Theoretical Perspective
LEASH provides a new direction for adaptive control in autoregressive generation by leveraging converged statistical properties (entropy and logit margin) rather than externally imposed heuristics or answer-entropy over explicit sets. The windowed trend approach enables robust and prompt-agnostic halting, though its stopping guarantees in relation to actual reasoning sufficiency remain an open theoretical question.
Limitations and Future Work
- Scope Limitation: All experiments are limited to math word problems with short, numeric answers.
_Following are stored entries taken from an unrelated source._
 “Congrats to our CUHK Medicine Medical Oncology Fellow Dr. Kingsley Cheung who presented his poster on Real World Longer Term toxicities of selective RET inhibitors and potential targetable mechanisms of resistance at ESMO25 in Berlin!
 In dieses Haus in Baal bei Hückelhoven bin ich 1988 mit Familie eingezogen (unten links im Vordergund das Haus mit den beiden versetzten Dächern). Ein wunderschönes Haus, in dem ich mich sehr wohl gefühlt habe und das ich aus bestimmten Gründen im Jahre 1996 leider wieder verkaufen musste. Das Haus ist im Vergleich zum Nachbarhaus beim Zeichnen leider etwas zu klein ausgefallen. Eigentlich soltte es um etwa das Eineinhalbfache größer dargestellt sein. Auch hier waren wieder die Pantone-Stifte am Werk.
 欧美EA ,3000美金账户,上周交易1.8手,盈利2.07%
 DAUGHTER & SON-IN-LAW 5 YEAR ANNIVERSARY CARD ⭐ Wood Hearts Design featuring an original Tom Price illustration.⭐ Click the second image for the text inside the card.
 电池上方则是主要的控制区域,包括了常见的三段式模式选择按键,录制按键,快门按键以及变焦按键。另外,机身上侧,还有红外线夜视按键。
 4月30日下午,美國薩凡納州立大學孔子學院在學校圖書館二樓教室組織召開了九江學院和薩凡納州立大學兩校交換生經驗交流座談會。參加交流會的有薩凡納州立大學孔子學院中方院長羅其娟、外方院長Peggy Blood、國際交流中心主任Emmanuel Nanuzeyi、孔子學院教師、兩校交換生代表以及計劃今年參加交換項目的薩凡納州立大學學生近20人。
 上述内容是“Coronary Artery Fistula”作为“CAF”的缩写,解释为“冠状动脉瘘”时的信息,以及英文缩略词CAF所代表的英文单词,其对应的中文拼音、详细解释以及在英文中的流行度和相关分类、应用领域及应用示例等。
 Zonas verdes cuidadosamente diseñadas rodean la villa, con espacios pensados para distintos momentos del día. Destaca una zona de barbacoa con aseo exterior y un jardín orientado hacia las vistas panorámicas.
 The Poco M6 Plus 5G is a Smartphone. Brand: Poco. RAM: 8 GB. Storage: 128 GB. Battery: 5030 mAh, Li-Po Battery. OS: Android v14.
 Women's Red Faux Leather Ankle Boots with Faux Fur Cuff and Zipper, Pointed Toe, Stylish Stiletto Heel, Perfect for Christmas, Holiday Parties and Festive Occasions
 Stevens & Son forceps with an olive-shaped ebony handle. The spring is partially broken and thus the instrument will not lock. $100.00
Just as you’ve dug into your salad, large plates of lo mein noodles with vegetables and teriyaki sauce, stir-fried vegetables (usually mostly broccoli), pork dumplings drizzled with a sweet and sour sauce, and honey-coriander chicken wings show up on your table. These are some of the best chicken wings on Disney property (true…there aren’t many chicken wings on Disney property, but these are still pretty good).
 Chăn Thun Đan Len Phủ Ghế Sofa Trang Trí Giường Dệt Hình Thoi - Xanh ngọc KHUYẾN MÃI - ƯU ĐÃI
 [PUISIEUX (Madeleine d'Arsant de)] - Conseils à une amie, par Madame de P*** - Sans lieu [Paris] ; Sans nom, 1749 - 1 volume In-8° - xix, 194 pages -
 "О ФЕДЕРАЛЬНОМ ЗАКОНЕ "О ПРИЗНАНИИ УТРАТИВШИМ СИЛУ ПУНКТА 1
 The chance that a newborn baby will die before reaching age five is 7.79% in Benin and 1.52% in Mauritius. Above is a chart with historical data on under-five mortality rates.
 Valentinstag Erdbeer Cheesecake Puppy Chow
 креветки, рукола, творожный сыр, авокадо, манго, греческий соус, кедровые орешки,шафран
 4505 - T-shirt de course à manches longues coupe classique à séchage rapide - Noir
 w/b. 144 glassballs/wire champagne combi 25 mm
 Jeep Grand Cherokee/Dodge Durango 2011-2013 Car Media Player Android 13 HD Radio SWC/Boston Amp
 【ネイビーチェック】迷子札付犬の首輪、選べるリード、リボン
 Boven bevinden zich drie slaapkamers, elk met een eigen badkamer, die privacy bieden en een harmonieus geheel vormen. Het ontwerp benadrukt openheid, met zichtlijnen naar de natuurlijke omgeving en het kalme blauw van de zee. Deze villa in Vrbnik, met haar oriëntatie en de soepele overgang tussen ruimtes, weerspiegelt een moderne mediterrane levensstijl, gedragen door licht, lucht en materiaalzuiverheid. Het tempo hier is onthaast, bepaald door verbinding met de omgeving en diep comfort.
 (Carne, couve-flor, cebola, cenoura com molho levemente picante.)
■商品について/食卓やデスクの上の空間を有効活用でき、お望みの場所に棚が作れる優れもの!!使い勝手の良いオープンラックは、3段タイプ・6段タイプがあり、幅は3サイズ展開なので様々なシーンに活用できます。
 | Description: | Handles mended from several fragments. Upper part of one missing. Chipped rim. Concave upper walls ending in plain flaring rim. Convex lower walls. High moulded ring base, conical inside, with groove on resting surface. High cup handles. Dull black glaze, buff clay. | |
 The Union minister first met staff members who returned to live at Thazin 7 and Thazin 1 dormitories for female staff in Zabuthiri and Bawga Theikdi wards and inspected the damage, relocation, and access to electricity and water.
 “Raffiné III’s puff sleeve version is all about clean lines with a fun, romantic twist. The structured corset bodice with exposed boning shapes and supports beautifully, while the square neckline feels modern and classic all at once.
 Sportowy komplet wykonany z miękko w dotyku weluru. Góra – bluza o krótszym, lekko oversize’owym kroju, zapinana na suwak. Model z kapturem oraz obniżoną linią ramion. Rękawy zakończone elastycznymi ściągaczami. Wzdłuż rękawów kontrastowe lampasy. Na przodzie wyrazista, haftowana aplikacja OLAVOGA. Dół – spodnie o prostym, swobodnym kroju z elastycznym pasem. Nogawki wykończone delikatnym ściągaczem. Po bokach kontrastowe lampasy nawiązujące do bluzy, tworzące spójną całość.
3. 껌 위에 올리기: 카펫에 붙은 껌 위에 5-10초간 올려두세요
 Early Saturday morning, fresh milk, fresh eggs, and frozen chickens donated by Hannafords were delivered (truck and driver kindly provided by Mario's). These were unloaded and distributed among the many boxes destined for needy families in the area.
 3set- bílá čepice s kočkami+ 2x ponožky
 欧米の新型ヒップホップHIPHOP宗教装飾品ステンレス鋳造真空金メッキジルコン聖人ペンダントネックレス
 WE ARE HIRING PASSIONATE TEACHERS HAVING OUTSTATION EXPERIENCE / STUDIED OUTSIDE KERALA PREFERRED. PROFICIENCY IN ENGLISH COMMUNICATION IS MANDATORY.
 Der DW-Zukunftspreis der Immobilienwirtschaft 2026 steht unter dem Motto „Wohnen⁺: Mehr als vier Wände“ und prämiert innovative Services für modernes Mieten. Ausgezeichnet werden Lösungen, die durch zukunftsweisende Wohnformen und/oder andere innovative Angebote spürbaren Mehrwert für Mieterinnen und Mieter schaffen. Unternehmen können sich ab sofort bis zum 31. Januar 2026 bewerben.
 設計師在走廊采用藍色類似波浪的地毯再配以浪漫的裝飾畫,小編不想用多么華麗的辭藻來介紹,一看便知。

- Logit Access: Method assumes access to unnormalized logits at each decoding step, which may not always be viable in locked-inference settings.
- Generality: Application to long-form, non-numeric, or tool-augmented output scenarios is not addressed.
- Theoretical Guarantees: No formal guarantee that entropy/logit plateau aligns with reasoning completion.
Potential extensions involve evaluating LEASH on open-domain or multi-modal tasks, incorporating adaptive parameterization, and formalizing stopping guarantees in probabilistic terms.
Conclusion
LEASH presents a pragmatic, training-free approach for reducing the computational cost of chain-of-thought generation in LLMs via intrinsic, windowed measures of entropy and logit margin. The method affords substantial efficiency gains and remains robust and model-agnostic, offering a practical alternative to static or prompt-dependent rationale lengths. While the trade-off involves a measurable accuracy drop, this approach is valuable for cost/latency-sensitive deployment scenarios and serves as a foundation for future research into intrinsic stopping criteria for complex reasoning models.